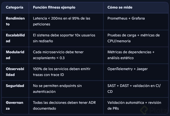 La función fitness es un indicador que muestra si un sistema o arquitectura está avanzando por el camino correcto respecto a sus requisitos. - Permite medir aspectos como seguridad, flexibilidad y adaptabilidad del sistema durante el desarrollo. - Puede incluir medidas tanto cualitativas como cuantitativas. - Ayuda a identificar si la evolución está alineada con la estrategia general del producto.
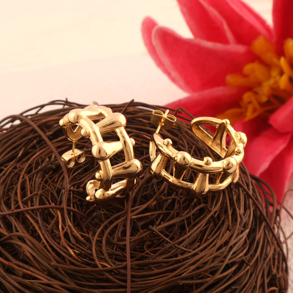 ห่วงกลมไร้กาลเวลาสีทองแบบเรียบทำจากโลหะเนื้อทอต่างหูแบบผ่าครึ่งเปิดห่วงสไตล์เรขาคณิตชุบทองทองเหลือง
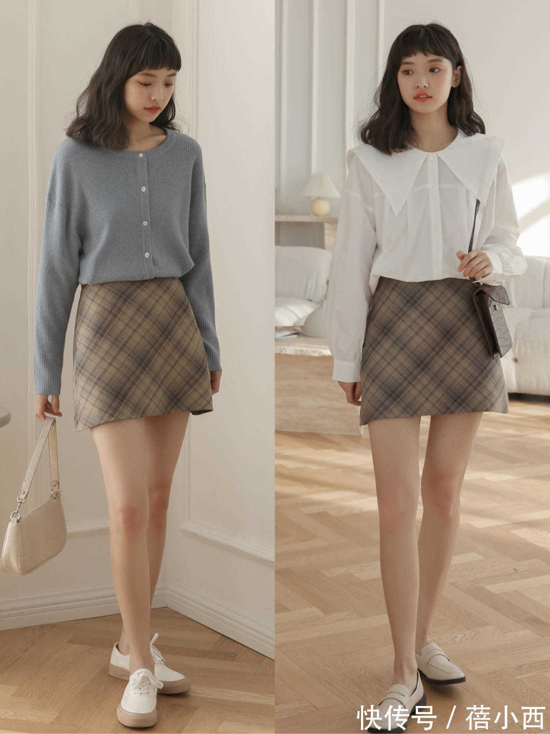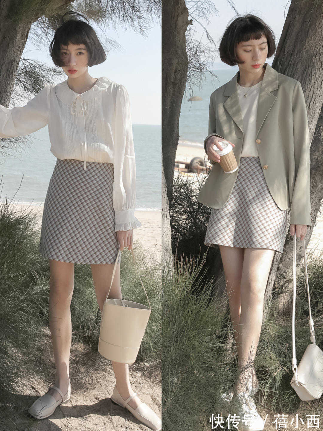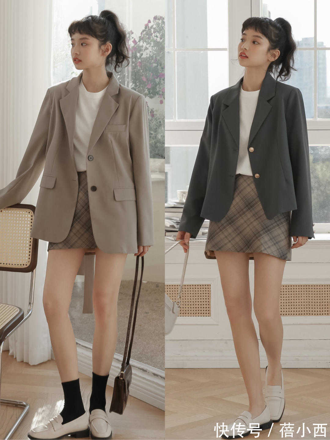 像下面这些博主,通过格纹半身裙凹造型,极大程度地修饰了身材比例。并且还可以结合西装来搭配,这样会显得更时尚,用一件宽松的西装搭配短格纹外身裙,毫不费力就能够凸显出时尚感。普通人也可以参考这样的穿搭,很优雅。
* * *
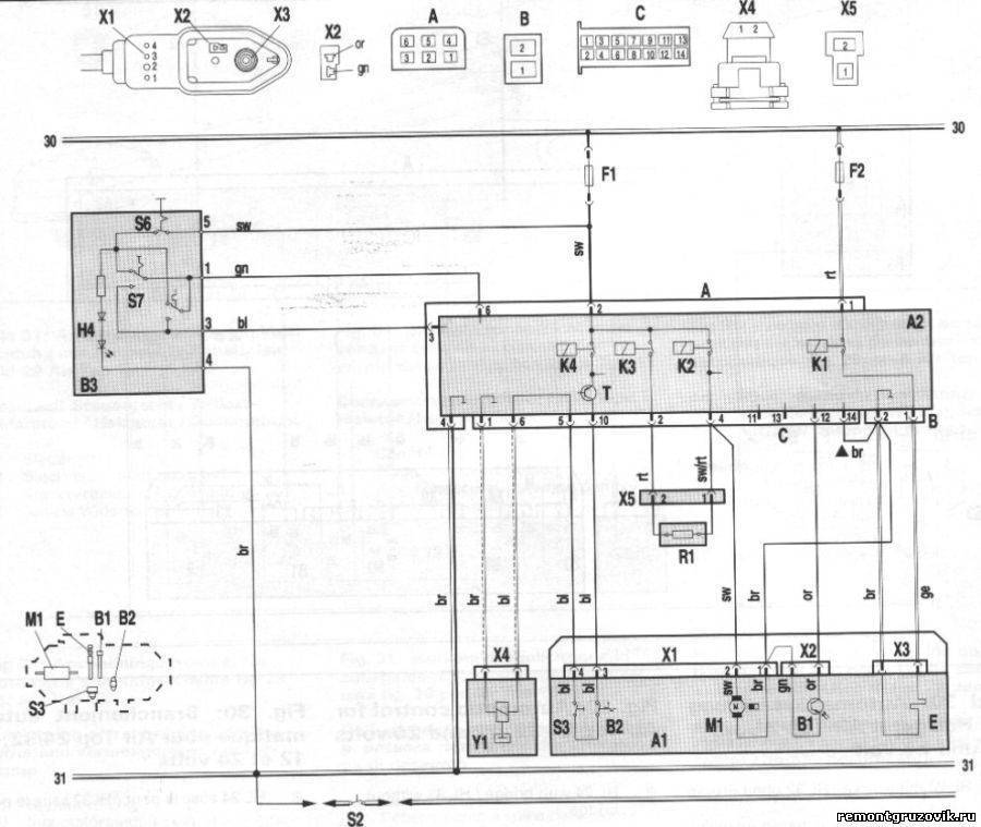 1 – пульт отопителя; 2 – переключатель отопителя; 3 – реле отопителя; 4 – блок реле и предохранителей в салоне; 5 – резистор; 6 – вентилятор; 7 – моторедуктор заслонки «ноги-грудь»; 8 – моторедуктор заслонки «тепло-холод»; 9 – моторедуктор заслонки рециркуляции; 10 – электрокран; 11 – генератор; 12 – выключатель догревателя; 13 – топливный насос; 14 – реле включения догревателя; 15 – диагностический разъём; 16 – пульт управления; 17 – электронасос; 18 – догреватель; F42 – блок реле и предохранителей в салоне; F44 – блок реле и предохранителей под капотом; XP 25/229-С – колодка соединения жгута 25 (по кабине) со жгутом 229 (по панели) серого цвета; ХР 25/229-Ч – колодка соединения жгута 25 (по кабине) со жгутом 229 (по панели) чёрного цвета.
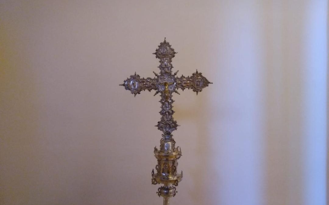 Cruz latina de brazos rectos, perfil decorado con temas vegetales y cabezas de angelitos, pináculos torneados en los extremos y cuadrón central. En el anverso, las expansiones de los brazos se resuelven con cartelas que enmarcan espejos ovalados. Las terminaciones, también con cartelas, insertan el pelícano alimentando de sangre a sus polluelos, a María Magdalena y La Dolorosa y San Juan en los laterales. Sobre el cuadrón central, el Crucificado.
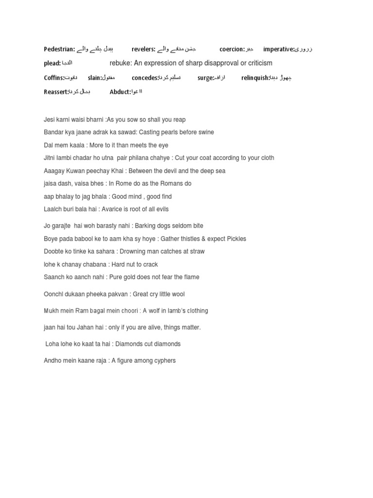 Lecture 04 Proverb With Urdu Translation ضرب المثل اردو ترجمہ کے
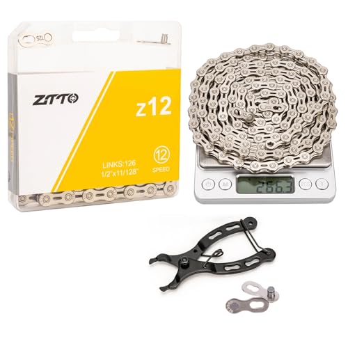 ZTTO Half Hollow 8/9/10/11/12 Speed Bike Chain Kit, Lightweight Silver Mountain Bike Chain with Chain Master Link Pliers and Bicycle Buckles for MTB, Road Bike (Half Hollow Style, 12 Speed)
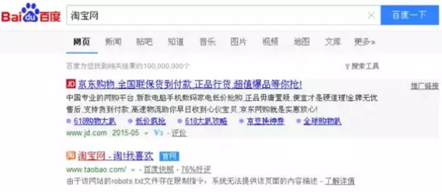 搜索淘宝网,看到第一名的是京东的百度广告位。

EXERCISE REQUIREMENTS: Of the records above, print only the lines from the one containing "Cruz latina de" through the one containing "搜索淘宝网,看到第一名的是京东的百度广告位。", inclusive and unaltered, leaving out pictures.

REPLY TO THE EXERCISE:
 Cruz latina de brazos rectos, perfil decorado con temas vegetales y cabezas de angelitos, pináculos torneados en los extremos y cuadrón central. En el anverso, las expansiones de los brazos se resuelven con cartelas que enmarcan espejos ovalados. Las terminaciones, también con cartelas, insertan el pelícano alimentando de sangre a sus polluelos, a María Magdalena y La Dolorosa y San Juan en los laterales. Sobre el cuadrón central, el Crucificado.
 Lecture 04 Proverb With Urdu Translation ضرب المثل اردو ترجمہ کے
 ZTTO Half Hollow 8/9/10/11/12 Speed Bike Chain Kit, Lightweight Silver Mountain Bike Chain with Chain Master Link Pliers and Bicycle Buckles for MTB, Road Bike (Half Hollow Style, 12 Speed)
 搜索淘宝网,看到第一名的是京东的百度广告位。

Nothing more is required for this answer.